6. Economic crime: Some countries are in extreme financial distress, which is getting worse due to international sanctions. They are moving to cybercrime to steal and fill their financial needs. North Korea is notorious for using cybercrime for such purposes, and recently launched another campaign designed to steal money from U.S. banks and ATMs.
– North Korea, the senior partner of the Axis of Evil
2020: Test year
The COVID-19 pandemic has created a powerful incentive for countries to break in and spy on each other. The race to be the first to obtain a vaccine has led to espionage incidents related to the theft knowledge from various research laboratories worldwide. Based on the latest trend, we will likely see more cyber campaigns trying to exploit security vulnerabilities.

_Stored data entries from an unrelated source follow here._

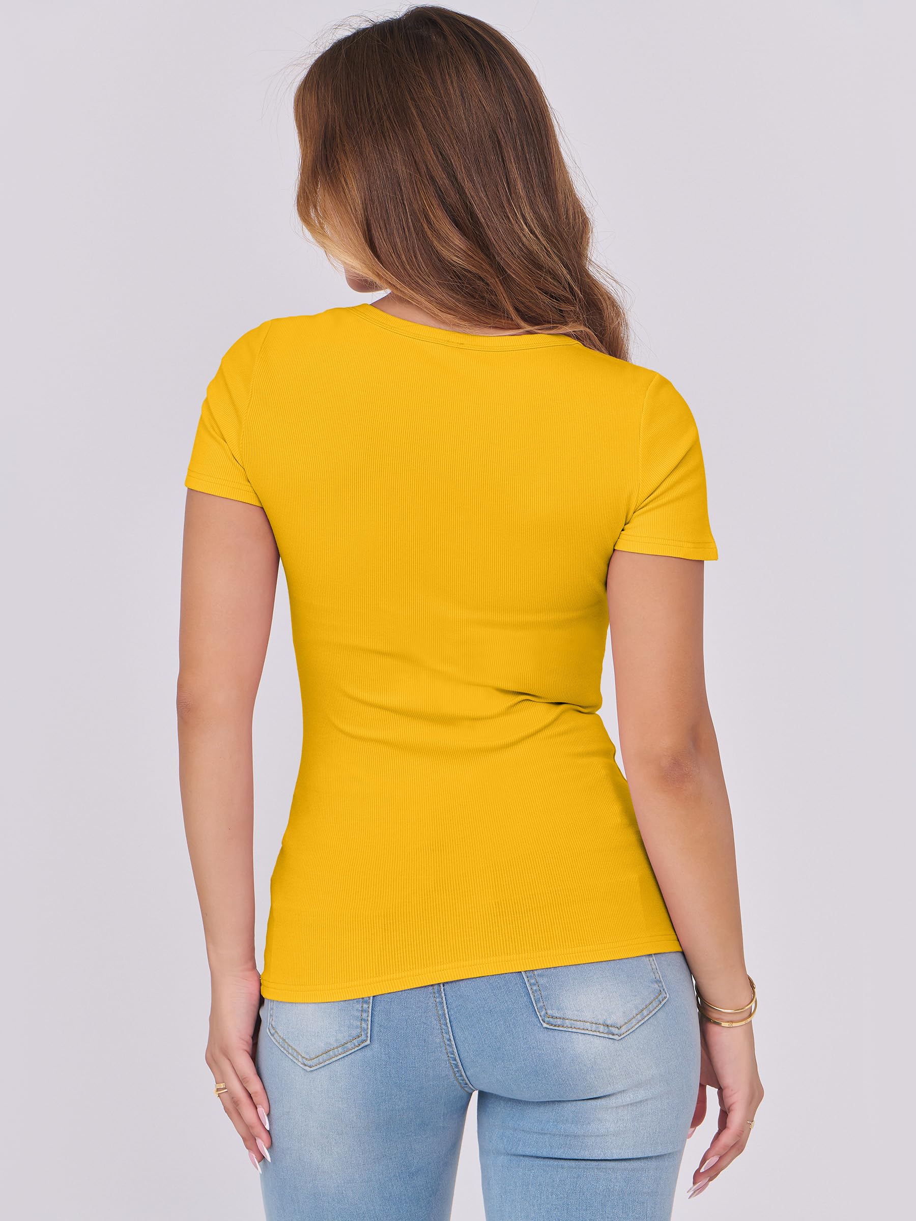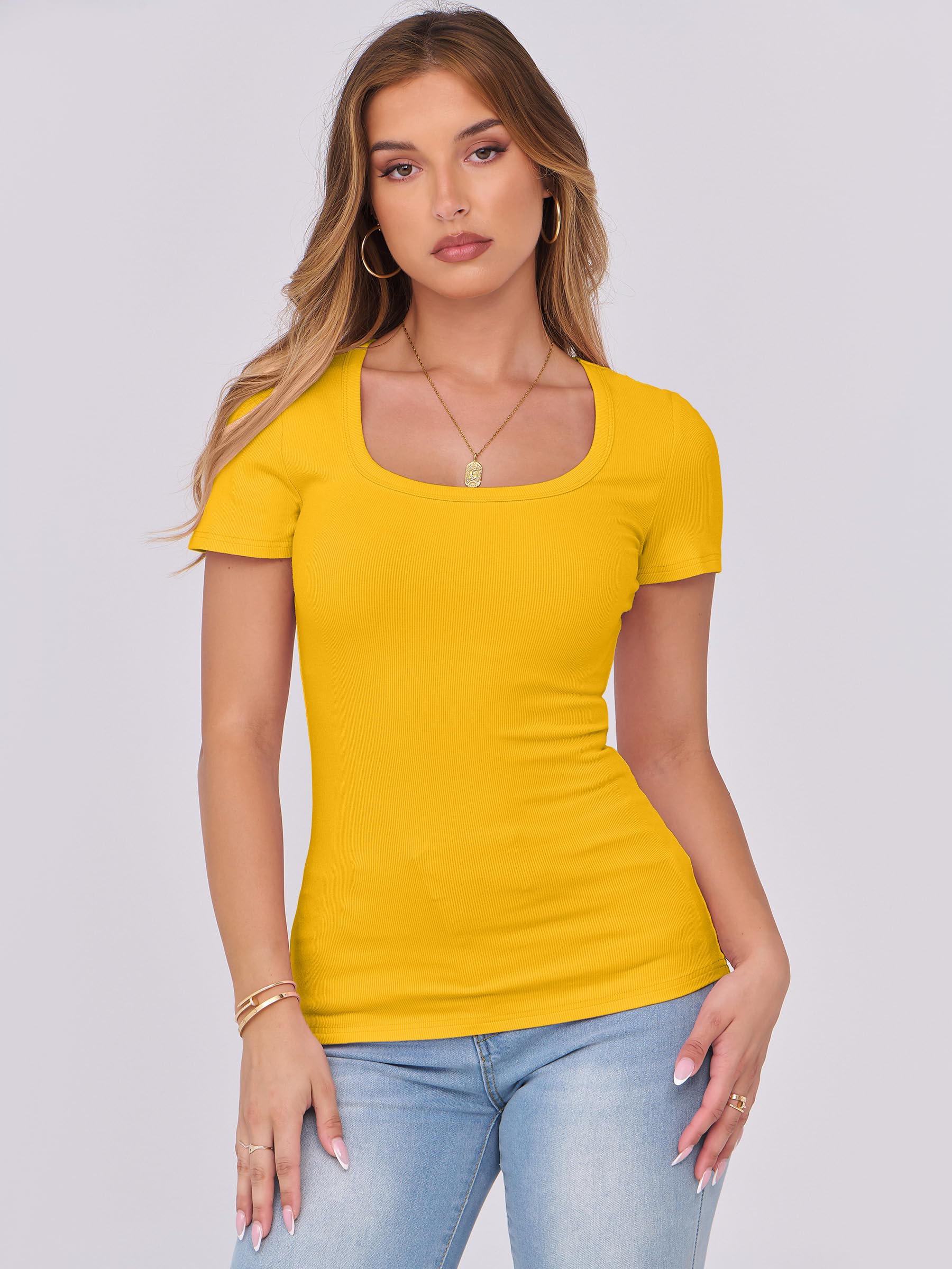 Features - Womens summer tops are designed with ribbed knit, scoop neck, short sleeve, slim fit. Suitable for daily wear, home, work, street wear, party, dates, vacation, shopping, cafes and other casual occasions.
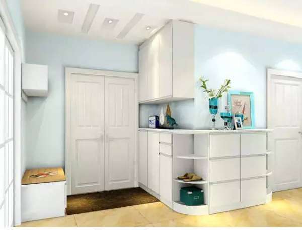 ① 在进门玄关边角区域可以定做设计一个功能鞋柜,这样有效的收纳好鞋包,雨具和小型运动器材等物品,大大的减少了客厅的空间收纳负担。 ② 多功能鞋柜可以安装百叶门,这样一来不仅透气,而且又整齐美观。
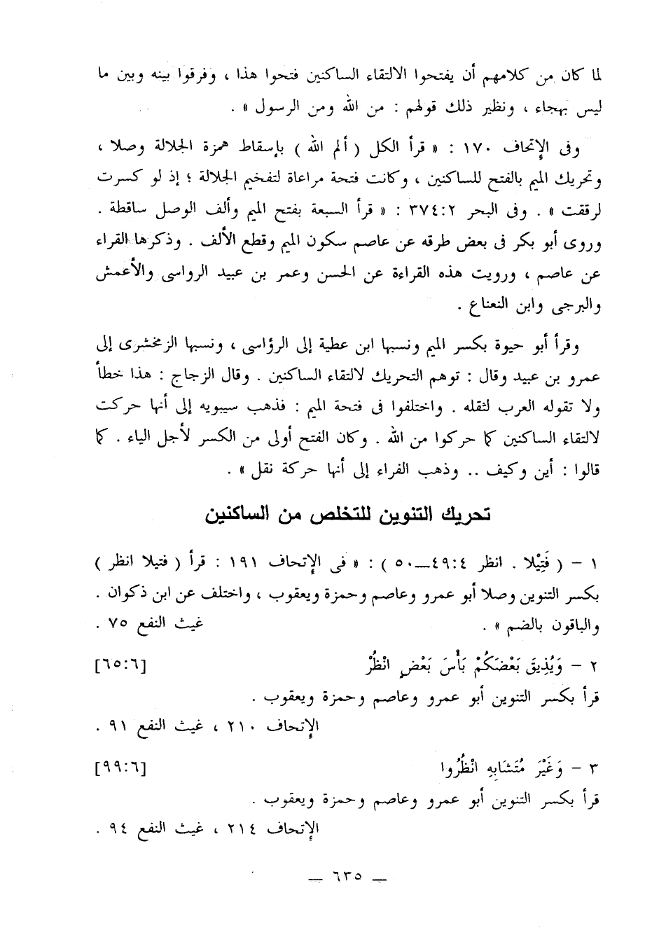 1 - (فتيلا. انظر 4: 49 - 50): «في الإتحاف 191: قرأ (فتيلا انظر) بكسر التنوين وصلا أبو عمرو وعاصم وحمزة ويعقوب، واختلف عن ابن ذكوان. والباقون بالضم».

Aside from the pandemic, 2020 is a year that “invites” widespread political, social, and economic disruption in the United States and, to some extent, in the United Kingdom and Europe. The upcoming U.S. election is likely to lead to an increase in cyber activity, such as attempted hacking against politicians, political parties, voter registration, polling stations, and voting machines.
What will the end result be?
It is expected that states’ activity in cyberspace will continue from now until forever. There is a hope that overtime offensive operations, rules, and regulations will change the cyber realm. For example, the United States has imposed personal sanctions against 45 Iranian hackers working under the Iranian Ministry of Defense and Intelligence auspices. The E.U. has imposed individual sanctions (including foreclosure and travel bans) against six hackers from China, North Korea, and Russia for involvement in the 2017 WannaCry operation. The E.U. has imposed sanctions on Russian hackers who hacked into the Bundestag and Chancellor Merkel’s email accounts in 2015.
We hoped that such actions would calm the area and create more or less fair playing conditions, although it would be naive to expect “cyber-evil” countries like Iran, China, Russia, and North Korea to cease their activities in this area.